Twitter, Jaiku, Pownce and so on, what is the impact of these emerging Instant-Messaging or Non-Instant-Messaging on the traditional IM markets. Particularly if we discuss this topic in the context of Chinese market, the question would equal to What can Tencent (owner of QQ) learn from these new Internet messaging approaches. I have been thinking of a post open for discussion with our readers for a few days, but early this week, I realized that Tencent had given me an answer (not a perfect one, yet).

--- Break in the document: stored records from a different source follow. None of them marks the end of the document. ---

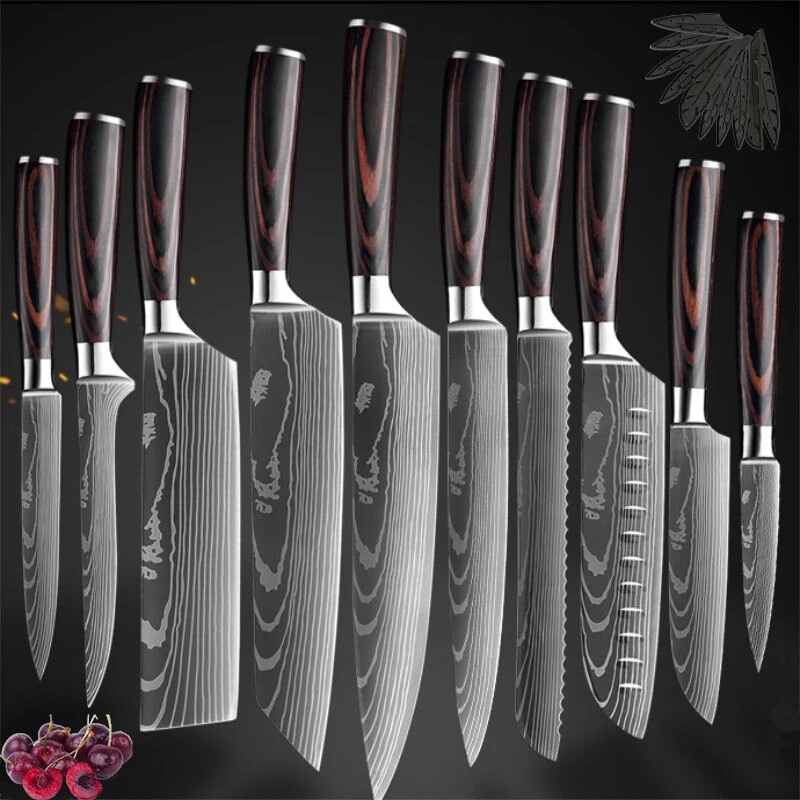 Кухонные ножи из нержавеющей стали с лазерным узором, шеф-повар сантоку, Мясницкий резак, универсальные инструменты для обрезки Gyuto
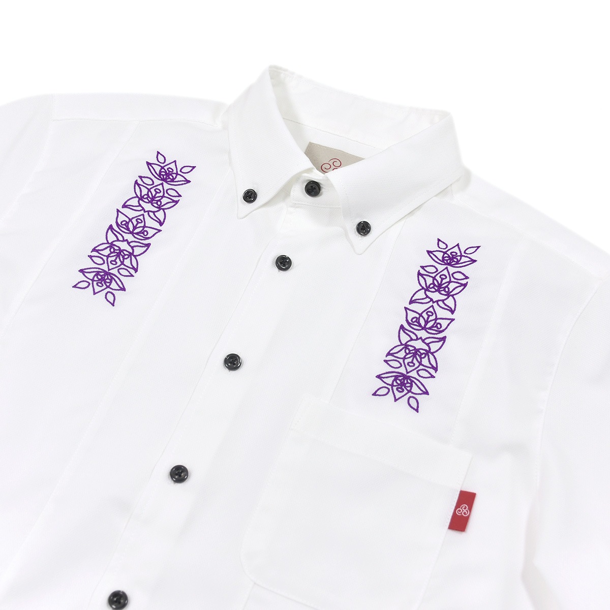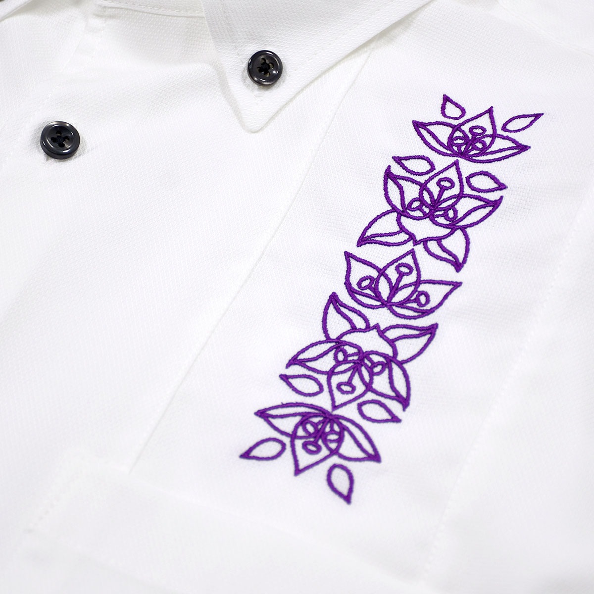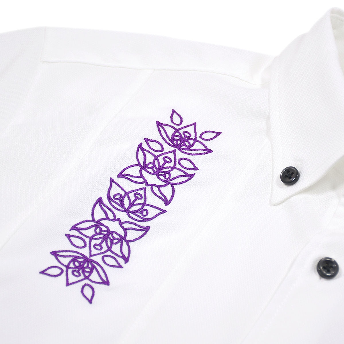 ハイビスカスなどの5つの花弁を持つ花をデフォルメした紋様柄を左胸に同色で刺繍。
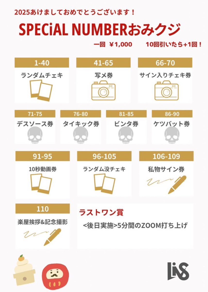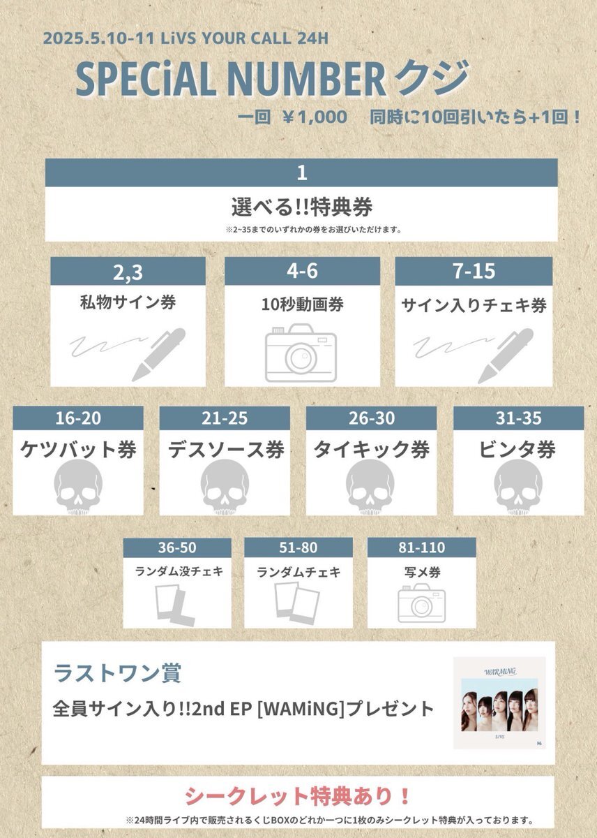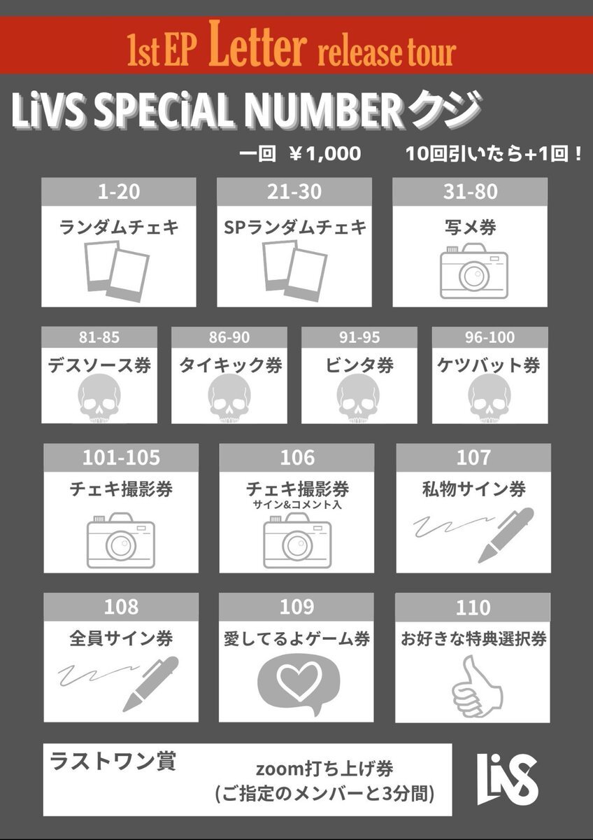 今まで、色々なクジ企画をしていたんだー🎯 引いたことが無いから楽しみだけど、110本中20本が罰ゲームなので、かなりデンジャラスだな😨 メンバーとの接触が無いランダムチェキとデスソースがハズレ枠なのかな? #LiVS pic.x.com/DNODJcSXBu
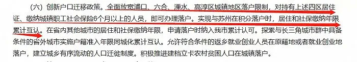 1、全面放宽浦口、六合、溧水、高淳区城镇地区落户限制,对持有上述四区居住证、缴纳城镇职工社会保险6个月以上的人员,即可办理落户;实现与苏州在积分落户时,居住和社保缴纳年限累计互认。在省内其他城市的居住和社保缴纳年限,申请落户时纳入我市累计认可;
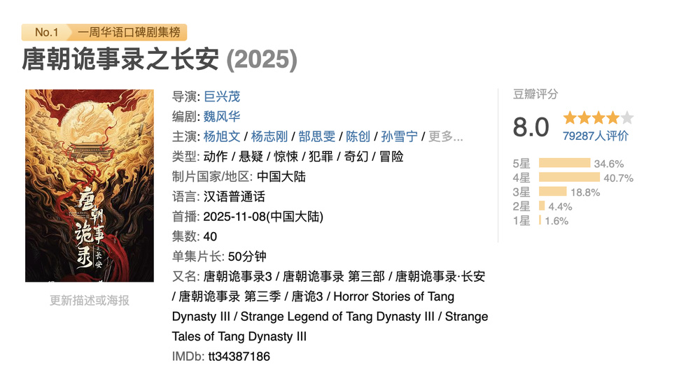 正在热播的《唐朝诡事录3》,作为系列IP的第三部千呼万唤始出来。导演郭靖宇手握多部口碑长剧,新作依旧保持“经费全花在刀刃上”的创作态度,场景搭建、服化道与剧本雕琢都下足了功夫。剧情不追求快节奏反转,而是以抽丝剥茧的推理和中式悬疑氛围,延续了古早探案剧的精髓。

Taotao.com, Tencent's Twitter

Taotao.com, Tencent’s brand new web2.0 experience has been revealed several days ago. It is a Twitter-like service. Thanks to QQ, now Taotao’s users are able to send the taotao-messages from a mobile and receive them on QQ. Right after I read the news, I dropped an email to Richard, the Director of Tencent’s Innovation Center (QQ Labs) and asked if it was him and his team behind Taotao. He confirmed it and also emphasized that he’s pretty sure Taotao.com would be another success web2.0 trial (with QQ Bookmark). Richard also mentioned QQ Bookmark had quietly launched its English version.

So Tencent has learned the trend, quickly. What’s more I expect from QQ? More Pownce-like probably? Personally, I think QQ is getting far too complex (well, Tencent’s business model is IM-centric, so QQ has to bundle everything). Pownce is not popular yet, I am not sure if it will be in the end either. But I love one of the concept Pownce introduces to us, I call it pre-categorized message or pre-formatted message. In Pownce, in Text, Link and Event, the message is pre-formatted (pre-categorized), clear and self-explained.

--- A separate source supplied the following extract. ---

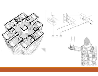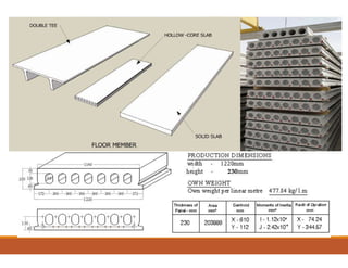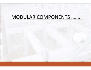 This document discusses modular and prefabricated construction components used in precast concrete buildings. It describes the key components that can be prefabricated off-site such as walls, floors, beams, columns, stairs, and their connections. These include different types of precast walls, slabs, beams shaped as I-beams, L-beams or rectangular, and dimensions for efficient construction. Connection details are provided for beam-column, wall-foundation, and other joints.
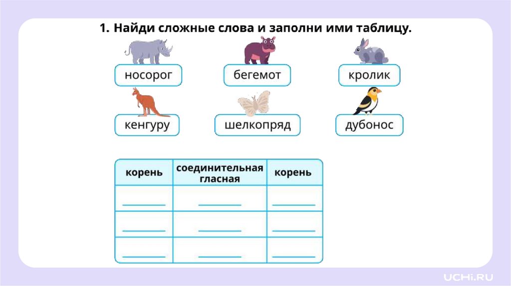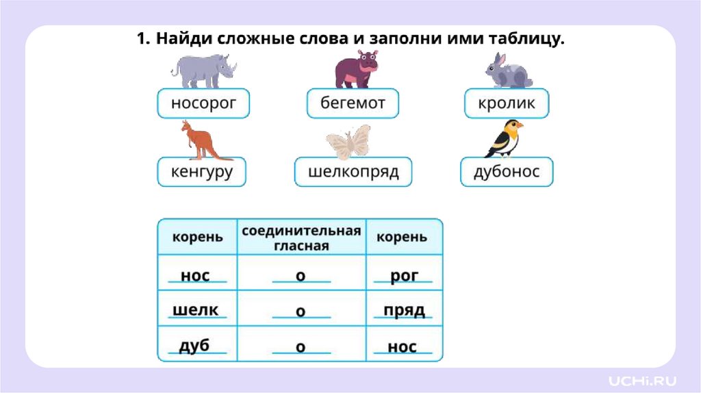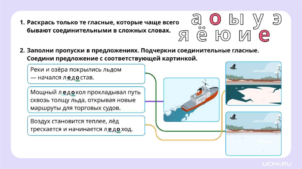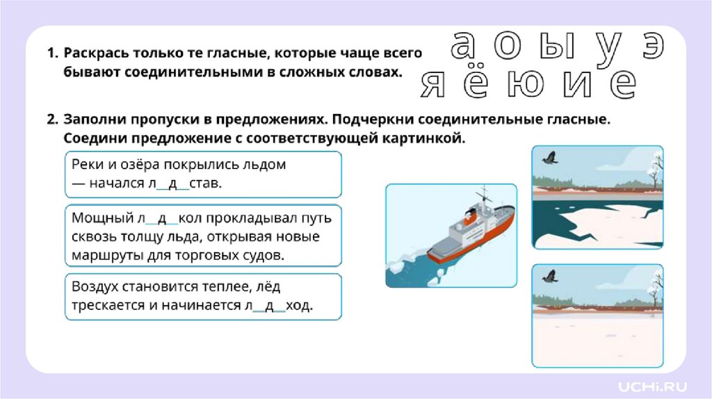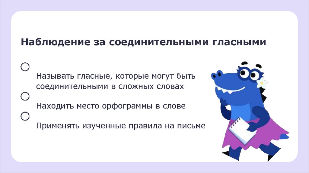 Наблюдение за соединительными гласнымиНазывать гласные, которые могут быть

What I dislike? It is QQ’s authentication system? In order to access any Tencent’s online service, you have to have a QQ ID (a serials of digits instead of a username, e.g. 32538972) and you have to manually input a string read from an image for verification due to the change of QQ’s protocol several months ago. I understand that QQ has 224+ million active users and QQ is doing its best to reduce the security risk, but I do think the current solution will hinder QQ’s growing in future if Tencent is seriously thinking of expanding its kingdom through the web.

So what do you learn from Tencent’s web2.0?

Dr. Gang Lu - Founder of TechNode. He's a Blogger, a Geek, a PhD and a Speaker, with passion in Tech, Internet and R'N'R.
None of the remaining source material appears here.